Lights have a big influence on what you can grow, it's true. I wouldn't let size matter as much though. I've been able to grow quite a variety in my 1.5, provided I make sure the plants get what they need. I've even been able to keep larger, fast growing plants in there, although I constantly needed to be trimming them. To start with though, I'd go with lower-medium light, slower growing species like crypts, anubias, java moss, java ferns(all of them would work).

Ferts (fertilizers) are also needed for good plant growth. I personally love root tabs because they're easy to use and last for awhile. They are great (made for, really) plants that feed primarily through their roots, like sword plants and crypts. Liquid ferts are very common as well, and best for plants that feed through their leaves, like ferns and stem plants.

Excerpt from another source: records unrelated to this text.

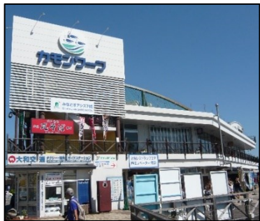
構成施設のイメージ (下関港、カモンワープ)
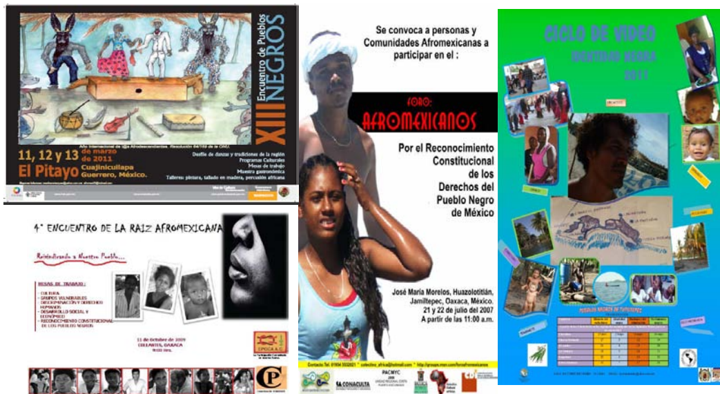
Figura 2. Afiches de eventos que visibilizan el tema afro al interior de la región de la Costa Chica

Hoy, los líderes y los colectivos sociales y políticos de la Costa Chica, algunos ya trabajando el tema afro desde hace muchos años y otros más recientemente, tienden a recurrir a este "instrumento" (la etnización) para elaborar a su vez discursos propios y descartar otros, y participar por esta vía a la construcción "colectiva" pero diferenciada de
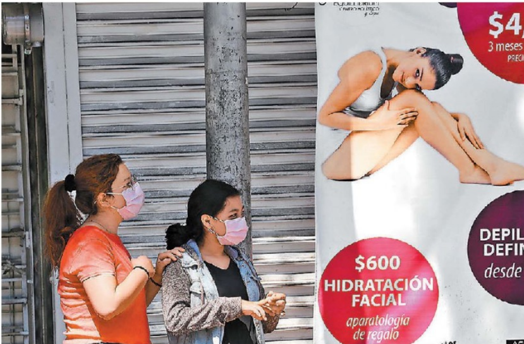
Inmediaciones del INER, donde se encuentra aislada una de las dos personas contagiadas en CdMx. OCTAVIO HOYOS
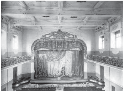
Museum of Art of Georgia

Són tants els casos de danys i destrucció dels edificis modernistes de Geòrgia, que aviat caldrà demanar l'atenció de les organitzacions internacionals. I aquest és, en part, l'objectiu d'aquest article. www.mcs.gov.ge
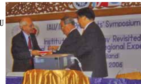
Symposium de Présidents AIU-IAUP, Chiang Mai, Thaïlande

Pour l'AIU, le Symposium fut également l'occasion de réexaminer la déclaration de principes de l'Association qui avait été élaborée à l'occasion de la conférence sur l'enseignement supérieur de l'UNESCO de 1998. Les discus-
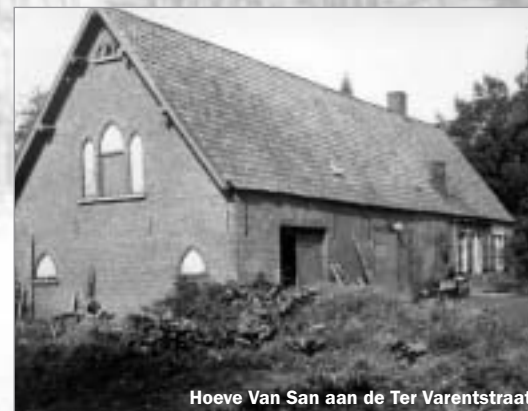
Hoeve Van San aan de Ter Varentstraat

Omstreeks 1865 werd een heel stuk Gasthuishoevengrond opgeslokt door de nieuwe fortengordel, in het bijzonder door Fort III. Tijdens de Tweede Wereldoorlog vielen vele landerijen in het door de Duitsers vergrote vliegveld en moesten de gebouwen tegen de grond. Van de vier hoeven zijn er nu nog twee overgebleven. Hoeve betekende in oorsprong een hoeveelheid grond die men 'behoefde' voor het onderhoud van aanvankelijk één gezin. In de Karolingische tijd werden de hoeven onderscheiden in 'mansi serviles' en 'mansi ingenuiles' naargelang de sociale toestand van de oorspronkelijke bewoners, slaven of vrijen. De hoeven mogen niet verward worden met de latere hoven uit het feodale tijdperk. Hoeven en hoven waren in oorsprong onbewoond. Slechts wanneer in een latere periode hierop gebouwen werden neergezet, werden beide synoniem van elkaar.
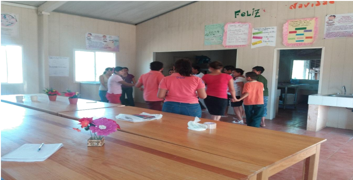
SOCIALIZACIÓN CON EL GRUPO DE PREPARATORIA Y SECUNDARIA.
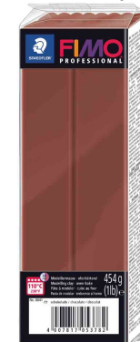
Modelliermasse PRO-FESSIONAL, schokolade
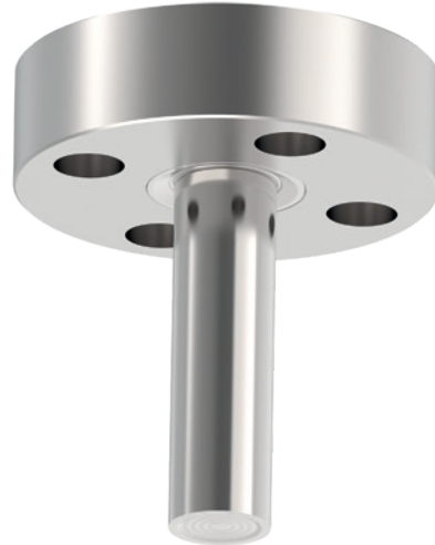
Separador para conexión bridada, modelo 990.49
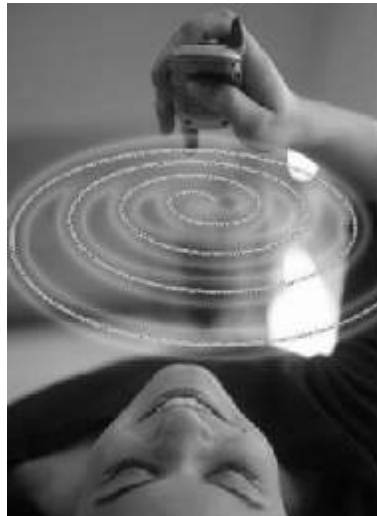
Mayor frecuencia mejor sonido.

El principal conflicto se fundamenta en un sistema de bandas que utilizan las redes inalámbricas y las ondas electromagnéticas. Esta banda recibe el
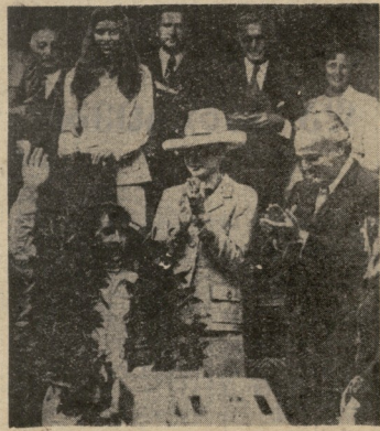
საერთაშორისო სპორტული სპექტაკლის დასრულების შემდეგ...

Having both would be best, but not necessary. 

CO2 is also something to consider, and it can be as simple as putting tubing through a 2-liter bottle cap, and mixing up yeast, sugar, and water. It will also help inhibit the growth of algae. Plants need co2 or another source of carbon to really grow well, like Seachem Excel. Word of warning though, if you have, or are considering shrimp, avoid Excel, as it's deadly to shrimp. Honestly though, co2 can be really easy, so don't let all those high tech people with their pressurized systems convince you it's difficult.


----------



## ClarkKentIsSuperman (Mar 17, 2012)

how do i tell what my light is? and i dont know what kind of plants i want, or what kind of fish. i was hoping you guys could suggest things to me. all i know is that i want to use some small rocks for the substrate. larger than regular aquarium gravel but not by much.


----------



## ClarkKentIsSuperman (Mar 17, 2012)

i looked at the light i have for that tank and it says its 15w. is that enough for a planted 10g tank? i dont want to have to keep trimming the plants a lot so i'd rather have some slow growing ones. and with this setup will i not need a filter? thanks


----------



## z1200 (Jan 26, 2012)

How about amazon swords, crypts, Wisteria, Java moss, anarcharis, elodea, or Java ferns. I like all these plants. If you bought a 10 gal. starter kit then you will want new lights. I would not recommend the generic 15 watt bulbs for aquariums, but a more high end lighting system. You will probably still want a filter though...Hope that helps some. XD


----------



## ryi (Apr 21, 2012)

Kehy and z1200 are right on the money with suggestions. You don't even need to buy them at your local fish store (lfs) as many of the planted tank forums (here at Aquariumforum.com, plantedtank.net, aquariacentral.com) all have swap threads where you can get great plants from other members.

Start with the very basics:
Plants need light, food,*carbon*. 
Your light will define which plants will be successful. If you've got a 15w fixture you can easily grow some low-light plants. I'd suggest looking on the bulb to find out what wavelength (color) it is. You can pick up cheap 13w 6500k bulbs at Walmart. 
Food will come from fertilizers, certain substrates, and fish bio-waste. Plan on lightly feeding your plants, root-tabs are great for beginners. I use Total Substrate pellets from aquariumplants.com, I've heard great feedback about the tabs from both Rootmedic.com and API. Even if you get a substrate that says it is specifically for planted tanks it will eventually run out of nutrients and you will need to supplement it. Fish waste can support a planted tank *BUT* there is a balancing act. You're going to want a heavily planted tank to absorb and use the waste, your tank should be cycled (there is a whole other thread!). etc. For now, roottabs are pretty failsafe.
*Carbon* is key for abundant plant growth. If you stay with lower light it is not crucial but if you start fertilizing more heavily with liquids or powders and/or upgrade up your lighting, you're going to have to add a carbon source. The easiest is Seachem Flourish Excel. The cheapest is d.i.y. co2. There is a ton of information on diy setups and you'll get a lot of help in the forums and from members if you decide to go that route.
Tom Barr (planted tank GURU!) says "choose a method and learn it well" 
One mistake most of us make is to start with just a few plants before committing. Plan on planting *a lot* of easy to care for plants, learn how to care for them and keep them happy. Then move up and on to more challenging. Taking care of a tank full of plants is actually easier than nursing one or two lone stragglers 
Sorry about the wall of text 
:fish-in-bowl:


----------